Activity — Your answer must be the exact lines of the listing below that run from the line with "Tùy theo kiểu" to the line with "11月4日,在岳林村皇菊種植基地,村民在整理攤鋪菊花(無(wú)人機照片)。", ends included, and no pictures.

Data provided —
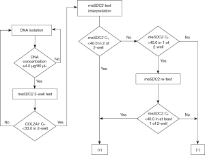 Cycle threshold (CT) values were calculated using the real-time PCR 7500 software version 2.3 (Thermo Fisher Scientific). meSDC2 was considered detected if the CT value was <40 cycles. If the CT value was not measurable, methylation was not detected. Samples were deemed positive if methylation was detected in both reactions and negative if not detected in either reaction. Test results were labelled inconclusive if methylation was detected in only one of the two reactions, prompting a retest. If methylation was detected in at least one of the retest reactions, the sample was considered positive; if the retest was negative in both reactions, the sample was considered negative. Acceptable test results required the CT value of COL2A1 to be less than 33, indicating the limit of detection for the COL2A1 gene (data not shown) in both reactions. The process of evaluating meSDC2 was schematised in Figure 1.
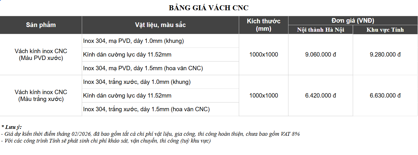 Tùy theo kiểu dáng vách, độ dày inox, hoa văn CNC và phương án lắp đặt, chi phí thi công vách inox kính sẽ có sự khác biệt. Để hoàn thiện phương án thi công phù hợp ngân sách, dưới đây là bảng báo giá chi tiết để khách hàng tiện tham khảo:
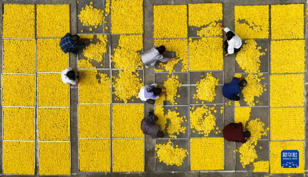 11月4日,在岳林村皇菊種植基地,村民在整理攤鋪菊花(無(wú)人機照片)。
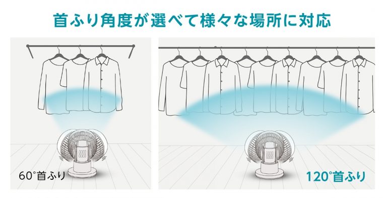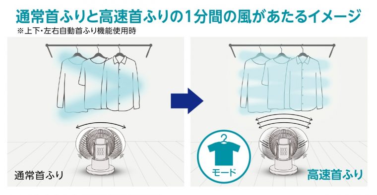 本製品は、従来のサーキュレーターの2倍の速度で首ふりをするので、より早く広範囲に空気を送ることで衣類を早く乾かすことができるのが特徴。上下60度・90度、左右60度・90度・120度の範囲で首ふりを設定できます。サーキュレーターの設置場所や部屋干しの洗濯物の量によって、角度を調整して効率よく衣類乾燥の補助ができます。

Written reply —
 Tùy theo kiểu dáng vách, độ dày inox, hoa văn CNC và phương án lắp đặt, chi phí thi công vách inox kính sẽ có sự khác biệt. Để hoàn thiện phương án thi công phù hợp ngân sách, dưới đây là bảng báo giá chi tiết để khách hàng tiện tham khảo:
 11月4日,在岳林村皇菊種植基地,村民在整理攤鋪菊花(無(wú)人機照片)。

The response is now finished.